With lenders under pressure on capital and credit conditions painfully restricted, the amount they lend will fall yet further over the coming months.

The pinch will be felt throughout the mortgage industry. It will hurt profitability and put the whole market under increased strain, and that will tempt more people to commit fraud.

Significant progress has been made on fraud in the last few years, but as the FSA thematic review in June pointed out, weakness in anti-fraud technology still abounds.

The Fighting Fraud Together strategy launched by the National Fraud Authority last month was a welcome step.

Schemes like this will go a long way to addressing the lack of industry collaboration on tackling fraud. The scheme proposes a more comprehensive commitment to sharing information between the mortgage industry and the public sector. It was a strong signal of intent.

However, the proposals it outlined can only go so far.

More information sharing is all well and good, but the mortgage industry and anti-fraud teams need better information in the first place about third parties suppliers and borrowers, so they can spot fraudulent trends more easily.

Often a firm uses a variety of systems, which makes pulling together data easily a Herculean task. To circumvent the problem, individual departments often develop ad hoc measures of their own, which sit outside the main IT system. This muddies the water further and allows more fraud to slip through the net.

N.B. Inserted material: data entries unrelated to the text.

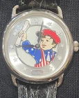 This Fossil Limited Edition News Boy Watch is a vintage piece with a silver bezel and a two-piece black leather strap. The watch has a round shape and an analog display with a white dial color. It was manufactured in Japan and has a reference number of LE9490. The watch comes with its original box and packaging, and is customized with no changes made. It is a unisex adult watch that is perfect for casual wear. The movement is quartz, and the watch has a unique vintage style that is sure to catch everyone's attention.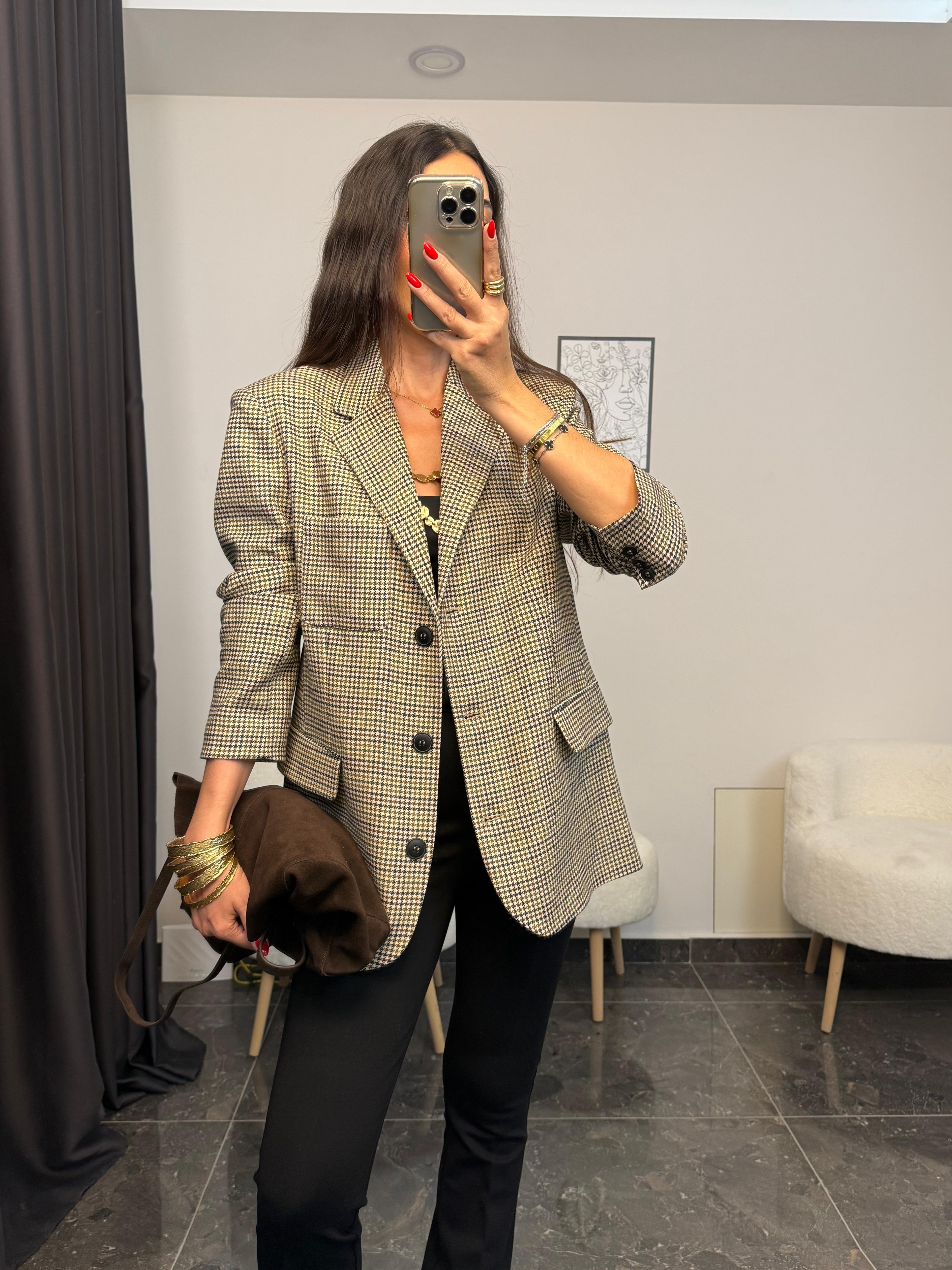 klasik şıklığın modern yorumu! astarlı yapısıyla kusursuz duruş sunan kazayağı desenli blazer ceket ,vatkalı formuyla güçlü bir silüet oluşturur.üç düğmeli,kapak cepli tasarımıyla zarif bir görünüm kazandıran bu model,ofis şıklığından özel davetlere ve günlük kombınlere kolayca uyum sağlar.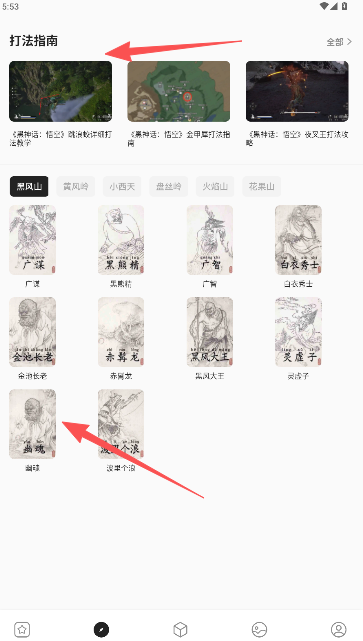 4、图鉴,主要展示了黑神话悟空系列的所有角色信息介绍,包括它的角色灵感来源等等,点击图片可查看详细的文字介绍。

The only way the mortgage market can keep pace with increasingly sophisticated fraudsters is by using flexible web-based systems that allow information to be stored in a single place and single format.

This allows suppliers and borrowers to be monitored more closely, increasing the likelihood that fraudsters are spotted.

Better data and data sharing needs to become the eyes and ears of the mortgage industry in the fight against fraud.